Money Market Funds Still a Risk: SEC’s Schapiro
Although changes to money market funds since 2010 have made them more transparent and stable, SEC Chairman Mary Schapiro told CNBC that there are structural weaknesses still to be addressed.
Actions taken in 2010, Schapiro told “Power Lunch,” bolstered the resiliency of money market funds and are helping them to weather the European sovereign debt crisis. “They’re more liquid, they’re more capable of meeting redemptions, there’s more transparency about money market fund holdings, and they stress-test their portfolios,” Schapiro said.
There’s still more work to be done. Schapiro said the 2010 changes have not addressed whether money market funds could still “break the buck” following a sudden and significant credit event or whether there’s a potential for a subsequent run. During the 2008 crisis, the Reserve Primary Fund famously broke the buck with net asset value falling below $1.

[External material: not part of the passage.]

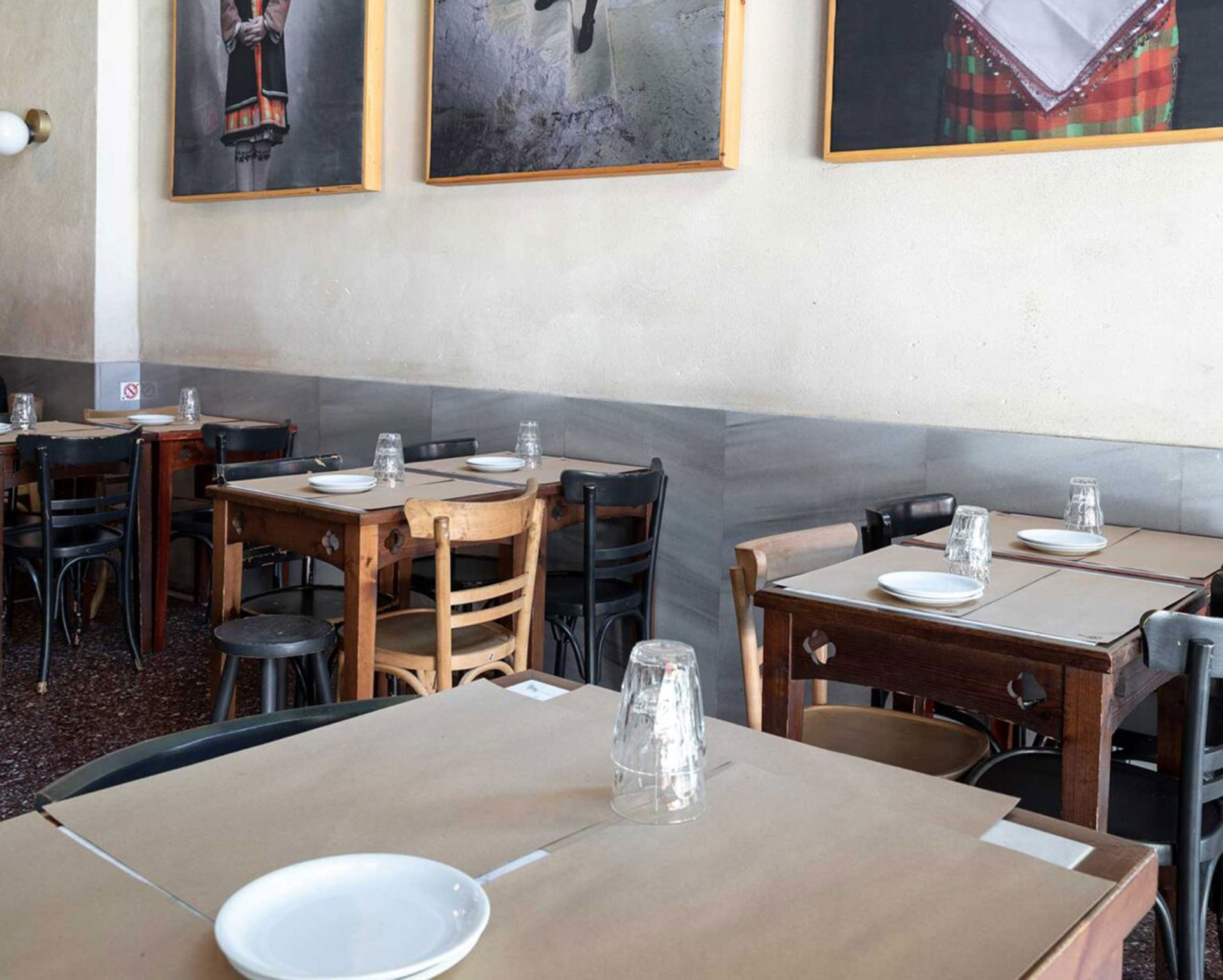 Το 2016 που άνοιξε στο ίδιο σημείο που πριν ο Γιάννης λειτουργούσε το καφενείο ο Πεζοδρόμος, έκανε αίσθηση με την αισθητική του χώρου. Σε στιλ καφενέ, αλλά ορίτζιναλ, χωρίς άλλους καλλωπισμούς πέραν των πελώριων κι εντυπωσιακών φωτογραφικών έργων του Νίκου Βαβδινούδη από την ανθρωποκεντρική συλλογή «Πρόσωπα και Προσωπεία». Στο βάθος η ανοιχτή κουζίνα, αεράτη, συγυρισμένη αλλά ανεπιτήδευτη, και ένας διάδρομος που περνάει από μπροστά της, και συνεχίζει οδηγώντας στο παρακείμενο μαγαζί, σε έναν μικρό, ατμοσφαιρικό χώρο με ένα μεγάλο τραπέζι που στρώνεται με υπαινιγμούς μυστικού δείπνου. Ο ίδιος αυτός χώρος λειτουργεί βοηθητικά, ως ένα είδος pantry (ντουλάπι τροφίμων), και οι λίγοι παρευρισκόμενοι γευματίζουν δίπλα σε σακιά με όσπρια, ζαρζαβατικά και ψυγεία με πρώτες ύλες.

Schapiro has put forward two proposals to increase stability — either switch to calculating a floating net asset value or restrict redemptions. Since money market funds are investment products, the assets in their portfolio do not always have a stable $1 net asset value (NAV), Schapiro said. “While your price as an investor is $1 and when you redeem your shares you get $1 in normal circumstances, the value of the fund may actually be something less than $1,” Schapiro explained. A floating NAV would simply recognize this fact.
That may not be palatable some investors like state and local governments that value having a stable product for cash management. The alternative is a capital buffer that would absorb the day-to-day fluctuations in money market fund assets coupled with some restrictions on redemptions, Schapiro said. This proposal would mean that earlier redeeming shareholders like fast-moving institutional investors would share in the losses with retail and other investors.